This is my latest drawing I did in pen and ink, which I hadn't done in a long time. It isn't the same drawing I said I was working on in my earlier post, it didn't turn out how I liked so I did this one instead. I drew it for my blog post on QUILTBAG characters. This drawing is of my MC Vlad and his lover Miklos at the very beginning of their relationship. It's from a scene in my WIP and Miklos is quite uneasy around Vlad as Vlad tries to help him relax. Anyway, here's the drawing. You can click on it to see a slightly larger version.


----------



## Arcwood

That image you've drawn of the church was awesome, BUt I'm unsure if the second illustration was better.
so good news: awesome work
bad news: impossible to rate or critique


----------



## SarahStrange

Wow wow wow. Very good. Are the first two in ink or pencil? Or something I haven't asked? You, sir, have talent


----------



## tepelus

Thank you! The first two were done in pencil, the one above was drawn first in pencil, then drawn over with pen and ink.


----------



## Dylan_9711

wow amazing drawing techniques


----------



## tepelus

Thank you!


----------



## Skodt

All of your work is fantastic. I love the church piece, and like any good art, it inspires me imaginatively. I do have to wonder about the pen drawing a bit though... Don't get me wrong it is great work, but something about his arm holding the chalice looks off; I think it's the hand. Which is odd because you did such amazing hands in your previous work.
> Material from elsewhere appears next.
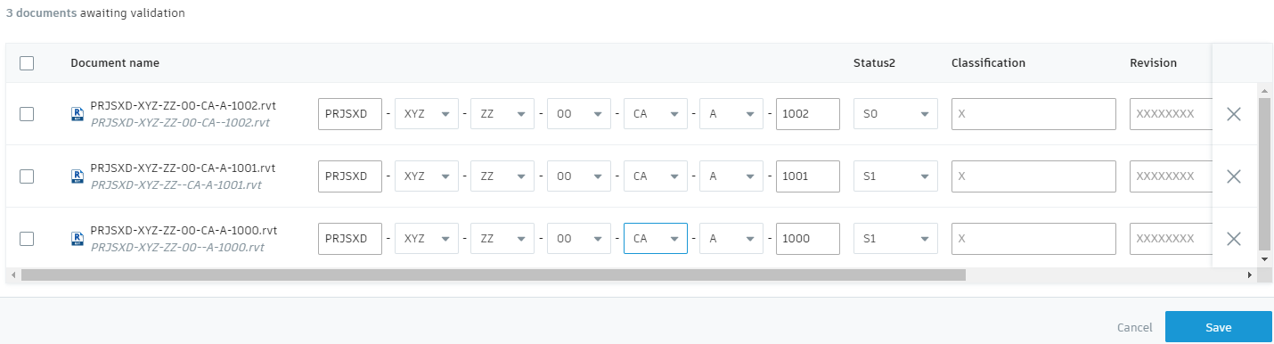 icon to remove individual documents from the naming validator. These documents will still remain in the holding area.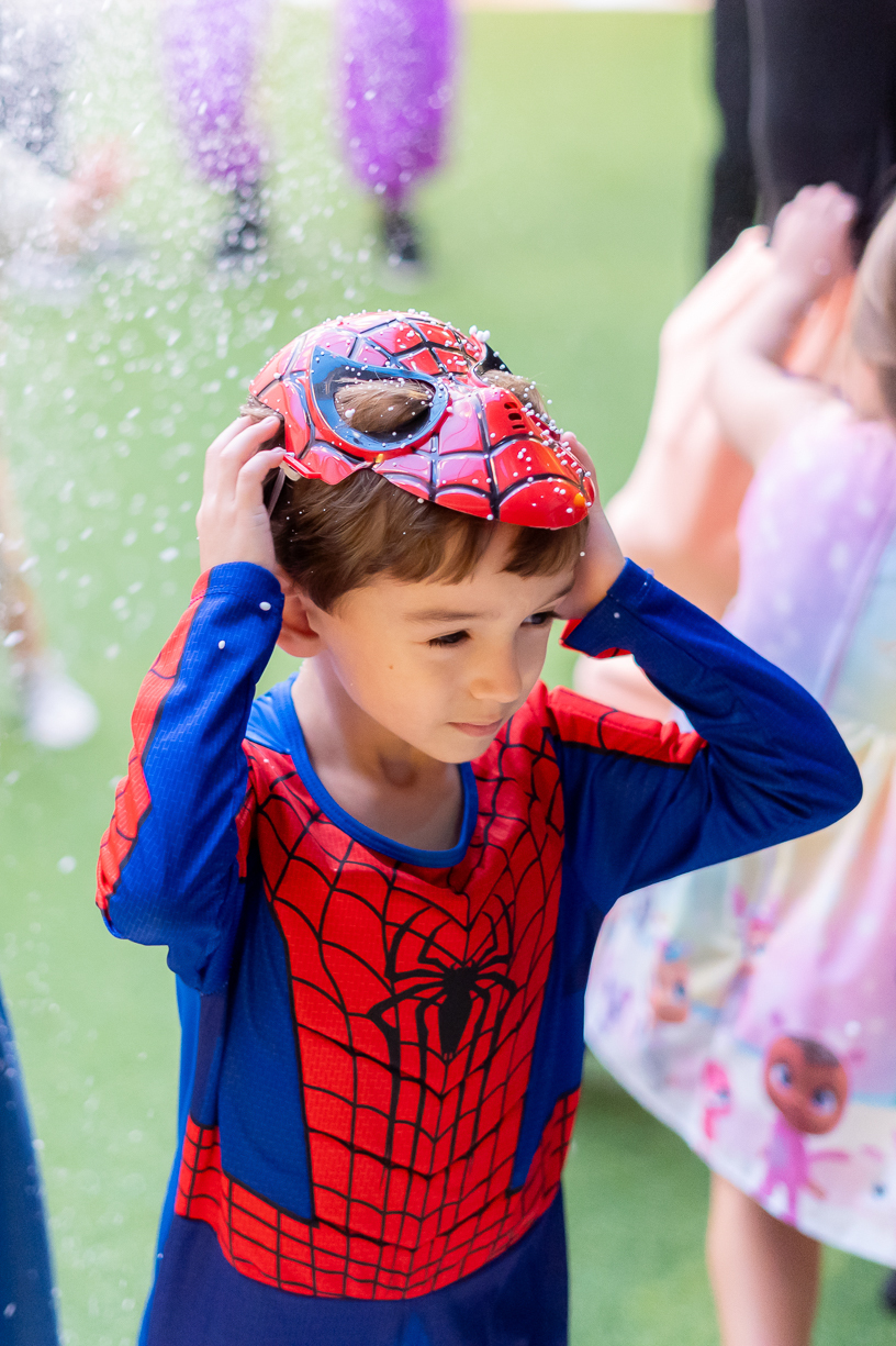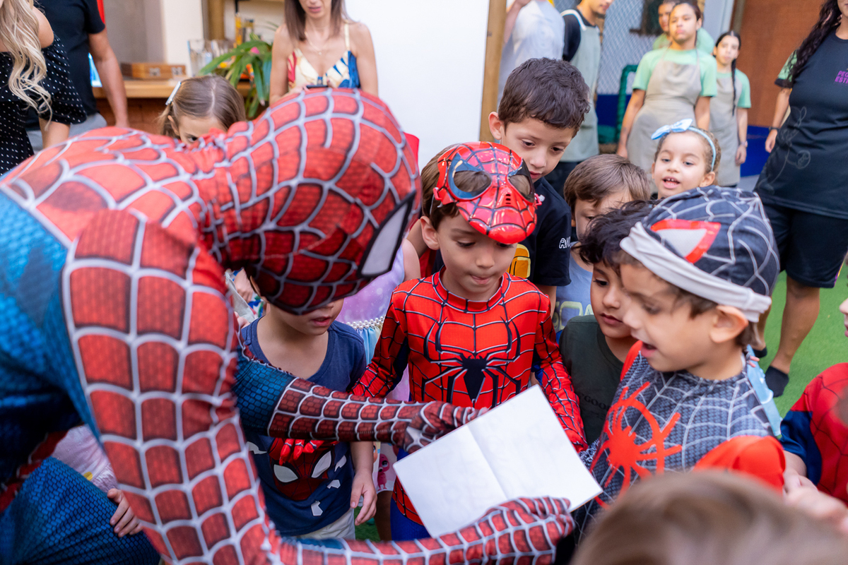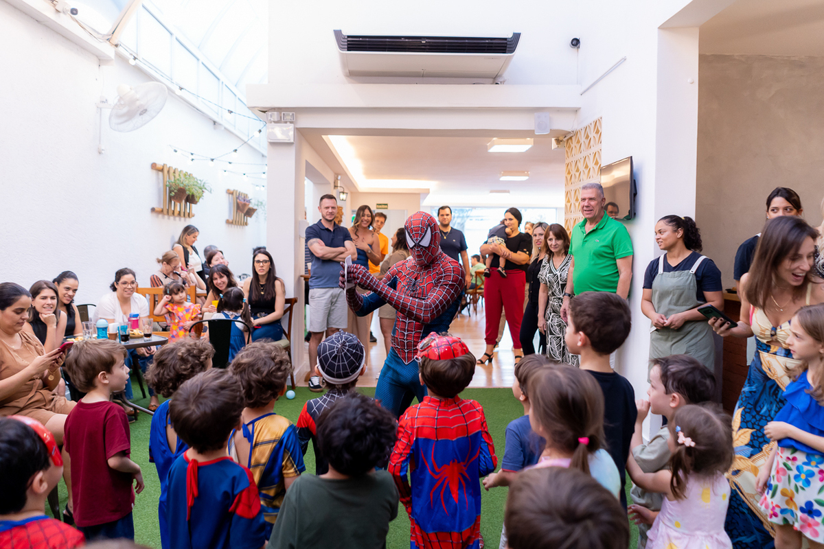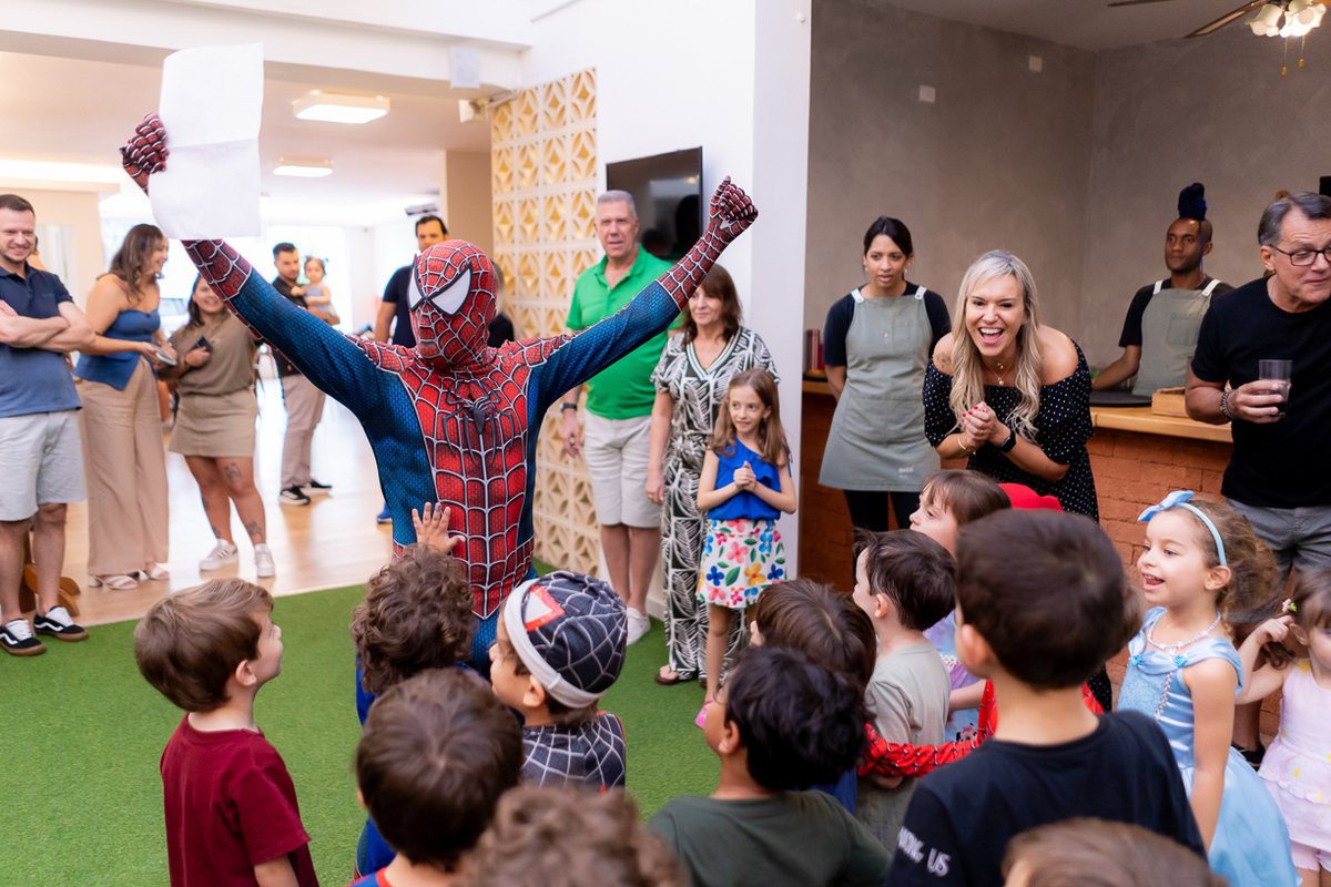 Com o tema de Homem-Aranha, a diversão foi garantida do início ao fim. E ainda teve a presença especial do próprio Homem-Aranha, que deu um show com suas incríveis cambalhotas e mortais, encantou a todos os presentes, especialmente as crianças que vibraram com cada acrobacia.

I still think the drawing is great, and maybe with a background I wouldn't even notice the abnormality.


----------



## Silenced

The first picture you showed on here was simply outstanding, as was the second picture. The third picture, the one from your imagination, would be much better if you had the boy looking towards you. And finally, the last picture, this one reminds me of a style I can't quite place my finger on. . .


----------



## tepelus

Skodt said:


> All of your work is fantastic. I love the church piece, and like any good art, it inspires me imaginatively. I do have to wonder about the pen drawing a bit though... Don't get me wrong it is great work, but something about his arm holding the chalice looks off; I think it's the hand. Which is odd because you did such amazing hands in your previous work. I still think the drawing is great, and maybe with a background I wouldn't even notice the abnormality.



I didn't see this reply until now. Yeah, I know the hand is off, I'm terrible at drawing hands without a visual reference. It's my downfall. I'm not good with feet either. Thanks for the reply.


----------



## tepelus

Silenced said:


> The first picture you showed on here was simply outstanding, as was the second picture. The third picture, the one from your imagination, would be much better if you had the boy looking towards you. And finally, the last picture, this one reminds me of a style I can't quite place my finger on. . .



Thank you much. When I drew number three, I did several sketches of him in different angles and none of them came out like I wanted them to until this one and I ended up finishing it.


----------



## Bakslashjack

Wow, damn your good. that's crazy.
Ok so you got Oscar, now you need Marquis De Sade and Orson Welles, heh_e.

_


----------



## mouseyface

WOW!!! beautiful!!!  : O


----------



## mouseyface

nice! i wish i could draw faces like this : )))


----------



## escorial

can't enlarge the pic's.


----------